(Records drawn from a dataset)
——
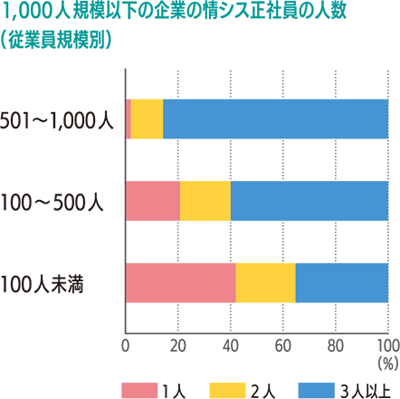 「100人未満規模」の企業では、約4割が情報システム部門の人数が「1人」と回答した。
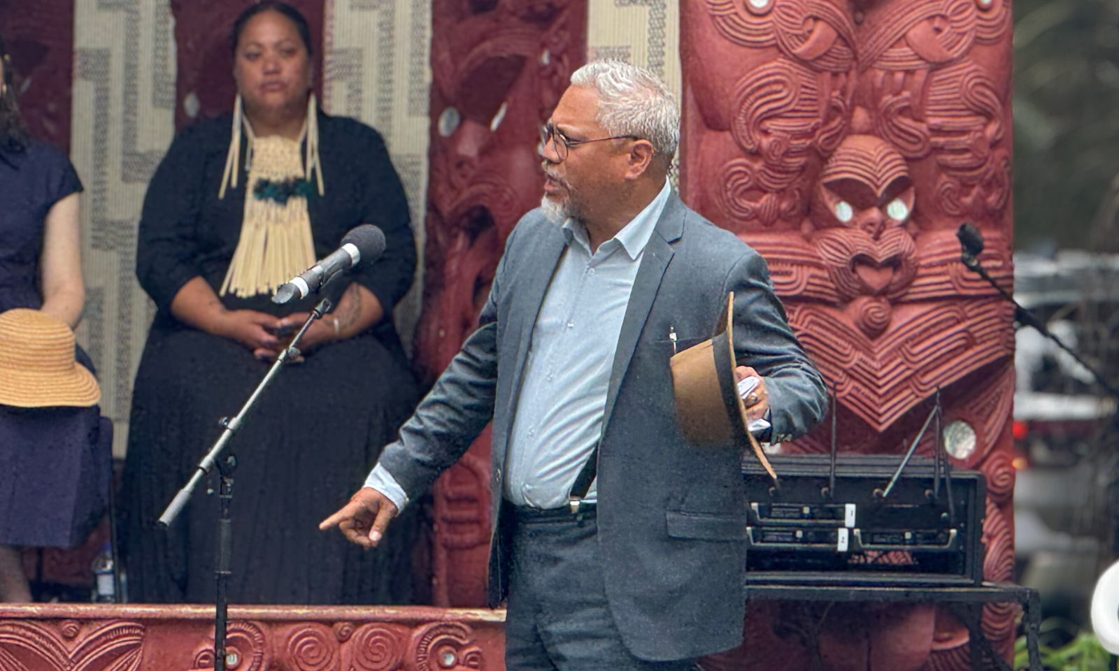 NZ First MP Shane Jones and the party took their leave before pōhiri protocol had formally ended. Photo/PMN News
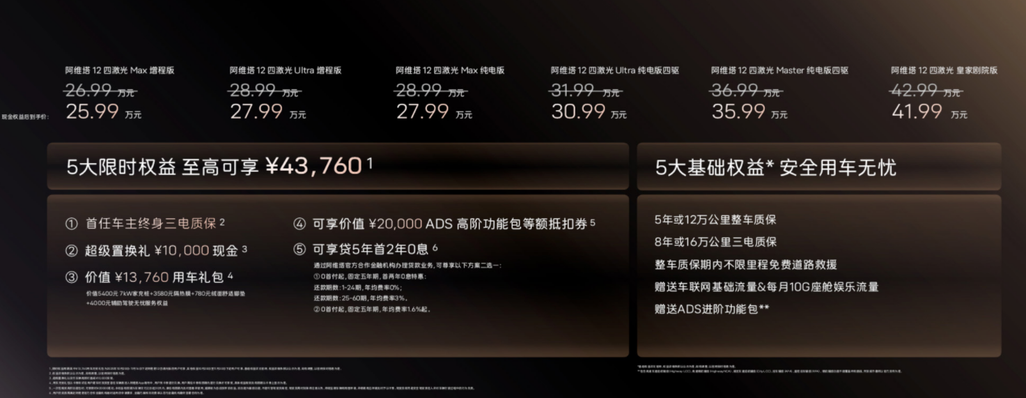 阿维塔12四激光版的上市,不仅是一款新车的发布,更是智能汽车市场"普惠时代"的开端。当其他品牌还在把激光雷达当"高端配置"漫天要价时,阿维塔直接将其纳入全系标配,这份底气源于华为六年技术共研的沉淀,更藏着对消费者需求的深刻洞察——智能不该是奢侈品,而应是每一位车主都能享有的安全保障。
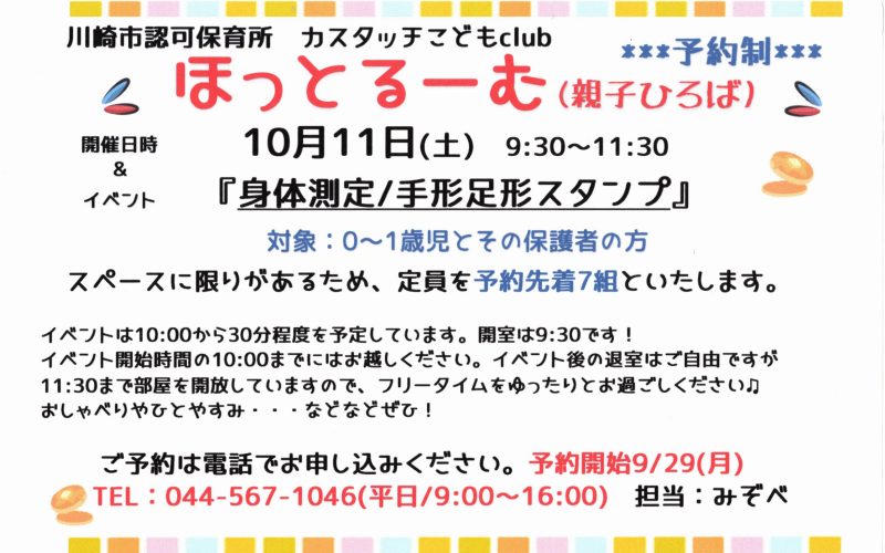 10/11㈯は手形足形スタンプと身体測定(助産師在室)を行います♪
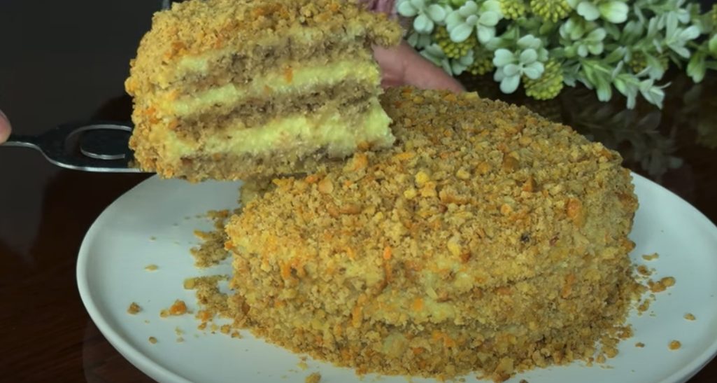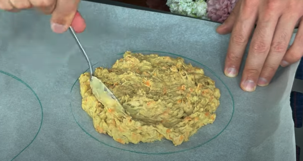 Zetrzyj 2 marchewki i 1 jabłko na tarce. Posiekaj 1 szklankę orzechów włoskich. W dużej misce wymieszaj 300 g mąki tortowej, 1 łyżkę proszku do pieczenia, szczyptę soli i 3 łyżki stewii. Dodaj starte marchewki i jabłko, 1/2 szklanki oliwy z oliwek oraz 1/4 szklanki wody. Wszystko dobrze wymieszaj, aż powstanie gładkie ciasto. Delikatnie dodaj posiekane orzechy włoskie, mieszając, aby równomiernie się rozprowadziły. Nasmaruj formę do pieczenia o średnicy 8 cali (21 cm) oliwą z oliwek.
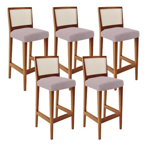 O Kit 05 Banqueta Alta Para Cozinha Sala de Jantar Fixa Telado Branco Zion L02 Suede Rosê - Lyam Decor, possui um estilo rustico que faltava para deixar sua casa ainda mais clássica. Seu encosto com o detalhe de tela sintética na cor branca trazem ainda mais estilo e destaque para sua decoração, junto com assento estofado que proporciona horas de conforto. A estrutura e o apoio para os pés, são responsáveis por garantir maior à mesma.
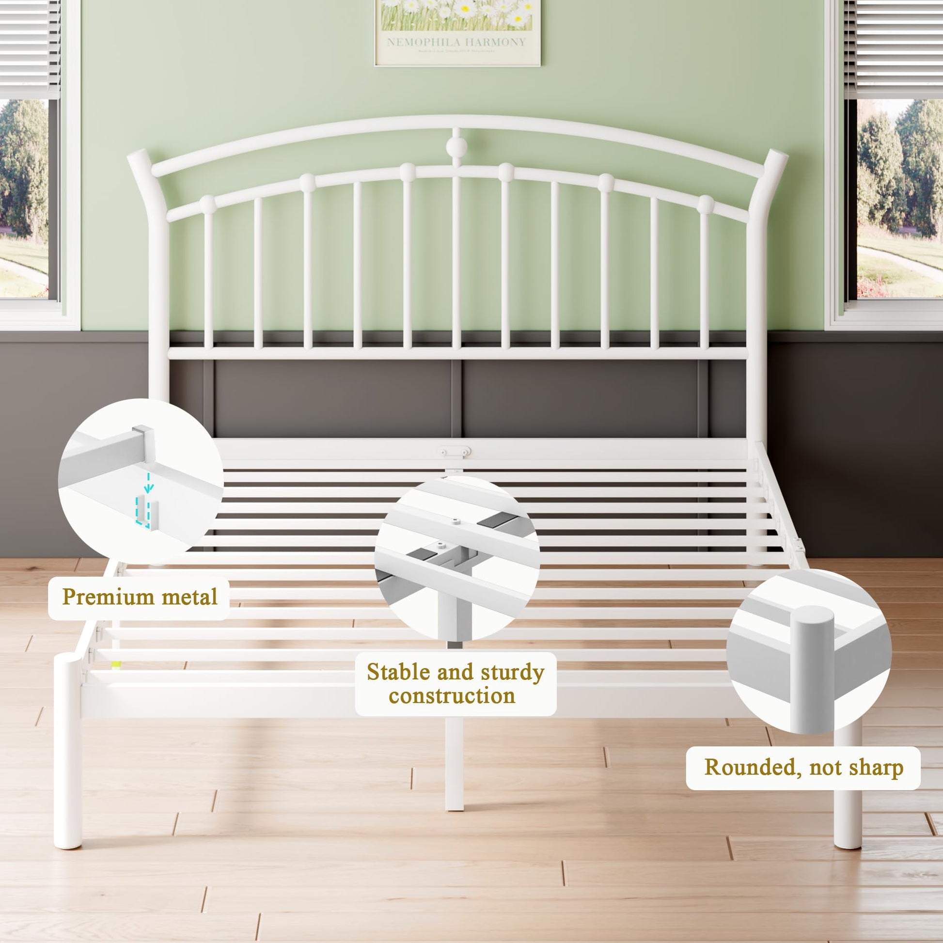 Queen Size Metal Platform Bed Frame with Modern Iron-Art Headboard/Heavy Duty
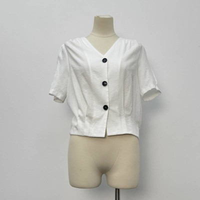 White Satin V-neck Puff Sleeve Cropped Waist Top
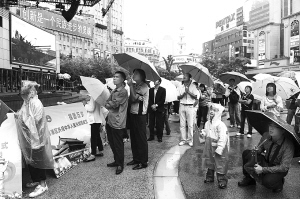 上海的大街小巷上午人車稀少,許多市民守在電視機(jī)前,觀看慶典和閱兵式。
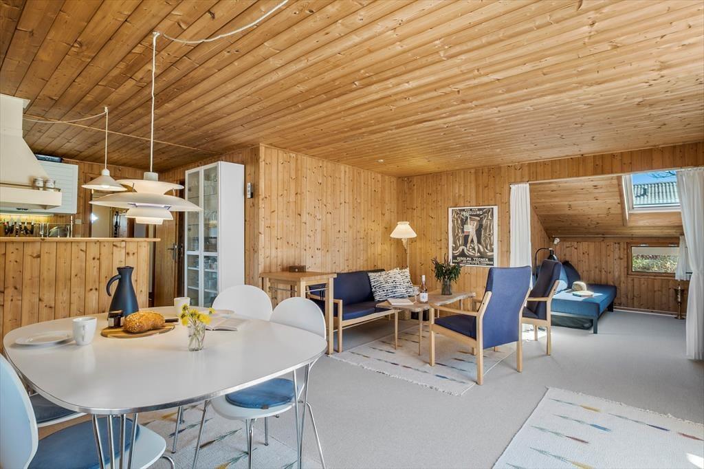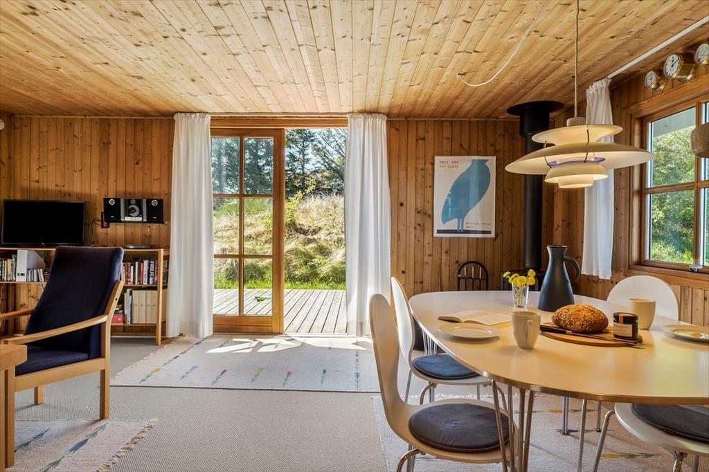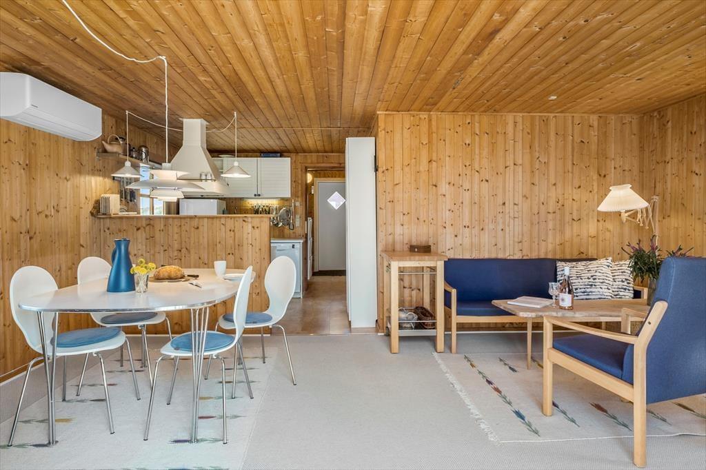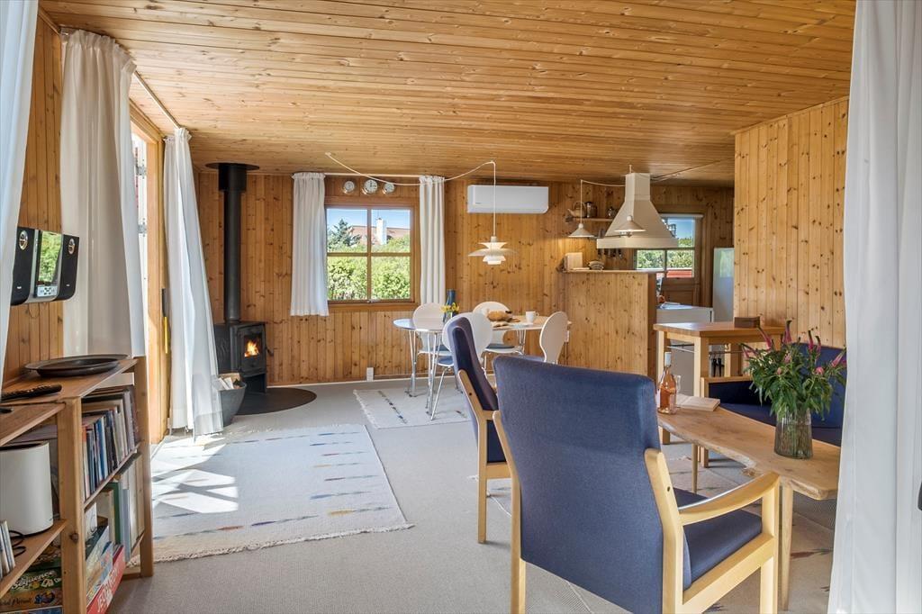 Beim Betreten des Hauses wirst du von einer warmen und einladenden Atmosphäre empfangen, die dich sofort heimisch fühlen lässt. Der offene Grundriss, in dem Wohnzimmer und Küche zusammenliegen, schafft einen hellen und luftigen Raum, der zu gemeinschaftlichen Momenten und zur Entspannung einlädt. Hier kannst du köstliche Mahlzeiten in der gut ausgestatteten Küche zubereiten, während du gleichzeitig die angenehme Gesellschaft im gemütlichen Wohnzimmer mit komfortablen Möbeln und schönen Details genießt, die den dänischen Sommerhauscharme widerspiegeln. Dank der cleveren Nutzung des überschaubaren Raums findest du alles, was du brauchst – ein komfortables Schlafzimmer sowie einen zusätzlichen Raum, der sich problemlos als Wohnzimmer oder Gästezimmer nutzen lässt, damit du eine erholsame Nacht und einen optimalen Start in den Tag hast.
——
Your objective: Only lines belong in the copy, not pictures: write out exactly the lines of the records from the first through the one holding "10/11㈯は手形足形スタンプと身体測定(助産師在室)を行います♪".

Answer to this exercise:
 「100人未満規模」の企業では、約4割が情報システム部門の人数が「1人」と回答した。
 NZ First MP Shane Jones and the party took their leave before pōhiri protocol had formally ended. Photo/PMN News
 阿维塔12四激光版的上市,不仅是一款新车的发布,更是智能汽车市场"普惠时代"的开端。当其他品牌还在把激光雷达当"高端配置"漫天要价时,阿维塔直接将其纳入全系标配,这份底气源于华为六年技术共研的沉淀,更藏着对消费者需求的深刻洞察——智能不该是奢侈品,而应是每一位车主都能享有的安全保障。
 10/11㈯は手形足形スタンプと身体測定(助産師在室)を行います♪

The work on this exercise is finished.